- Opening Delimiter -

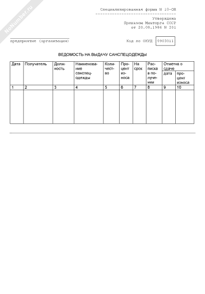 Ведомость на выдачу санспецодежды. Специализированная форма № 10-ОН
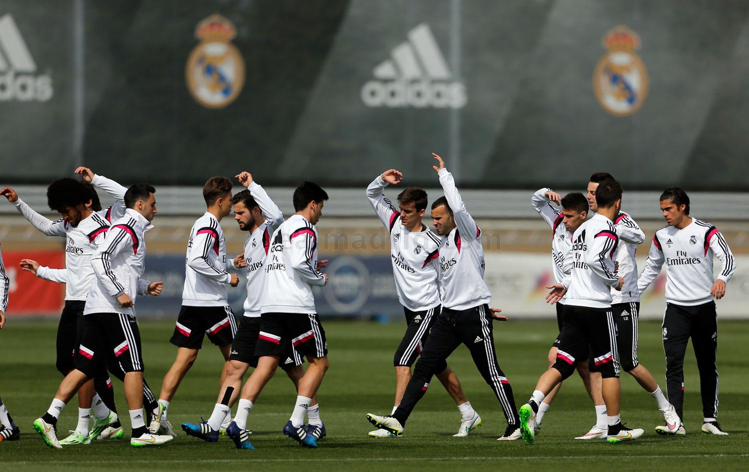 Вчера футболисты мадридского «Реала» провели на своей спортивной базе в Вальдебебас очередную тренировку без 17 игроков команды, вызванных в свои национальные сборные для участия в отборочных матчах на Чемпионат Европы-2016. Хамес Родригес, продолжающий процесс восстановления после полученной травмы, и Альваро Арбелоа занимались отдельно в тренажерном зале и на поле так и не появились.
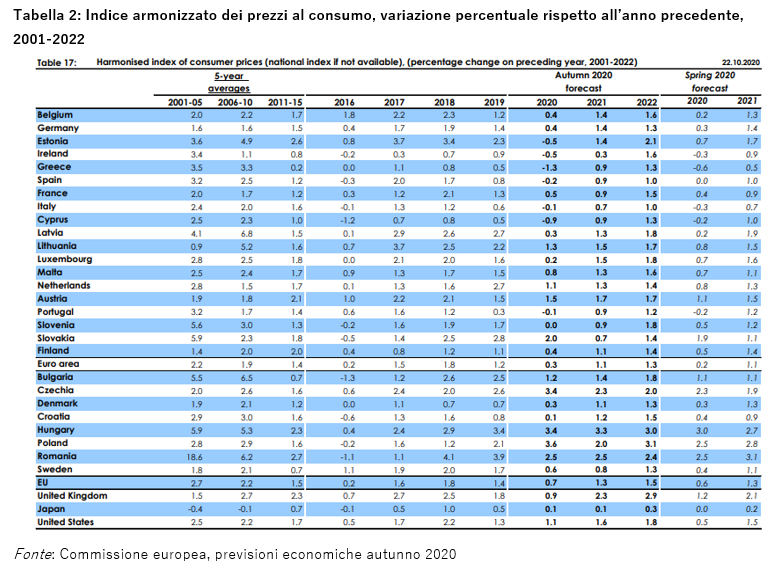 La Commissione europea stima per l’Unione europea nel suo complesso un’inflazione dello 0,7% nel 2020, dell’1,3% nel 2021 e dell’1,5% nel 2022, mentre per l’Unione economica e monetaria un’inflazione dello 0,3 nel 2020, dell’1,1% nel 2021 e dell’1,3% nel 2022 (Tabella 2).
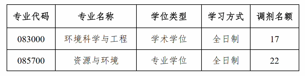 2. 学位类别要求:学术学位专业(环境科学与工程)可接收第一志愿报考专业相同或相近的学术学位或专业学位的考生调剂;专业学位专业(资源与环境)可接收第一志愿报考专业相同或相近学术学位或专业学位的考生调剂。
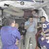 Combined crew of the International Space Station and the Space Shuttle Discovery wave after speaking with President Barack Obama from the orbital outpost on March 24, 2009. (Reuters/NASA) () Combined crew of the International Space Station and the Space Shuttle Discovery wave after speaking with President Barack Obama from the orbital outpost on March 24, 2009. (Reuters/NASA) /news/world/us-space-shuttle-discovery/eventshow/4317254.cms03
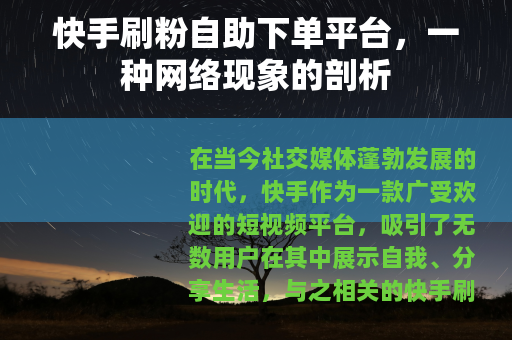 在当今社交媒体蓬勃发展的时代,快手作为一款广受欢迎的短视频平台,吸引了无数用户在其中展示自我、分享生活,与之相关的快手刷粉自助下单平台也悄然兴起,成为了一个备受关注的话题。
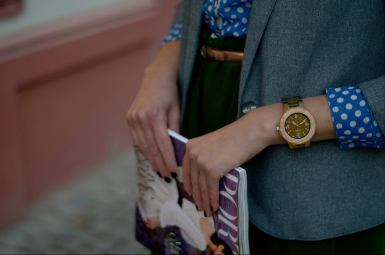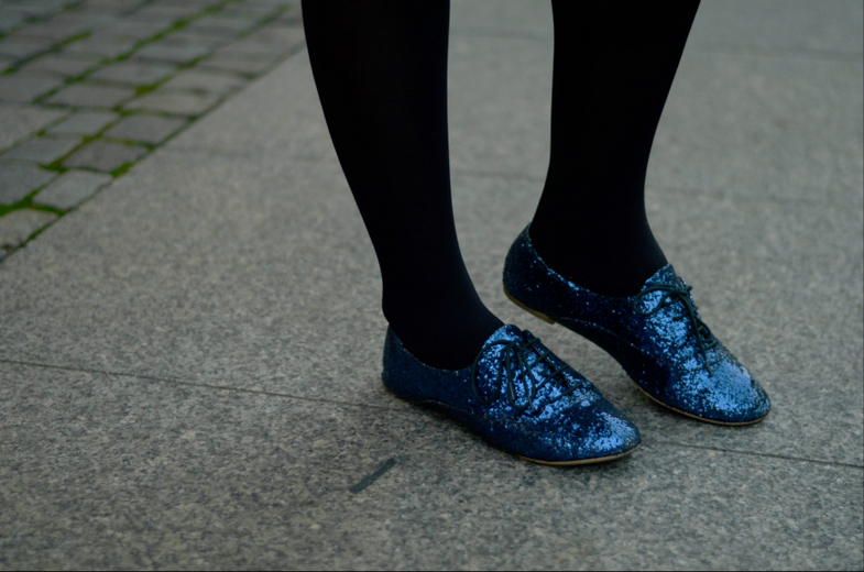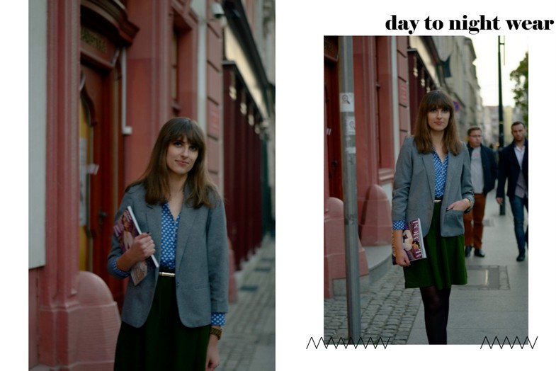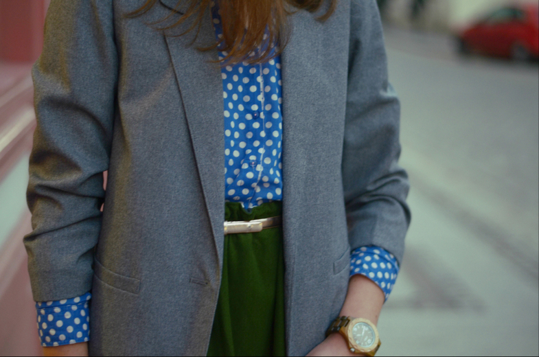 Granatowe buty z brokatu kupiłam co prawda z myślą o weselnej kreacji, ale też i z zamysłem wykorzystywania ich przy innych okazjach. Teraz noszę je bardzo często! Tym razem zestawiłam je ze spódnicą uszytą przez moją Babcię. Wykonana została z zielonego materiału przypominającego welur. Mogłabym resztę dobrać czarną, ale wolałam podkręcić tę stylizację błękitną koszulą w grochy i szarą marynarką o prostej linii. Taki żakiet „gubi talię”, więc dość ryzykowne jest noszenie go do rozkloszowanych spódnic, bo może nam się zrobić taki optycznie ciężki kielich. Do całości dobrałam drewniany zegarek i brunatną torebkę oraz pasek z metalicznym połyskiem w kolorze białego złota. Jeśli jesteście wysokie, tak jak ja, tego typu torba zrównoważy luźny żakiet i spódnicę. Pasek zwraca uwagę na talię.

- Closing Delimiter -

**EXERCISE**
Each line between the one holding "Вчера футболисты мадридского" and the one holding "2. 学位类别要求:学术学位", inclusive, should be copied exactly as it appears above, and pictures should be omitted.

**RESPONSE TO THE EXERCISE**
 Вчера футболисты мадридского «Реала» провели на своей спортивной базе в Вальдебебас очередную тренировку без 17 игроков команды, вызванных в свои национальные сборные для участия в отборочных матчах на Чемпионат Европы-2016. Хамес Родригес, продолжающий процесс восстановления после полученной травмы, и Альваро Арбелоа занимались отдельно в тренажерном зале и на поле так и не появились.
 La Commissione europea stima per l’Unione europea nel suo complesso un’inflazione dello 0,7% nel 2020, dell’1,3% nel 2021 e dell’1,5% nel 2022, mentre per l’Unione economica e monetaria un’inflazione dello 0,3 nel 2020, dell’1,1% nel 2021 e dell’1,3% nel 2022 (Tabella 2).
 2. 学位类别要求:学术学位专业(环境科学与工程)可接收第一志愿报考专业相同或相近的学术学位或专业学位的考生调剂;专业学位专业(资源与环境)可接收第一志愿报考专业相同或相近学术学位或专业学位的考生调剂。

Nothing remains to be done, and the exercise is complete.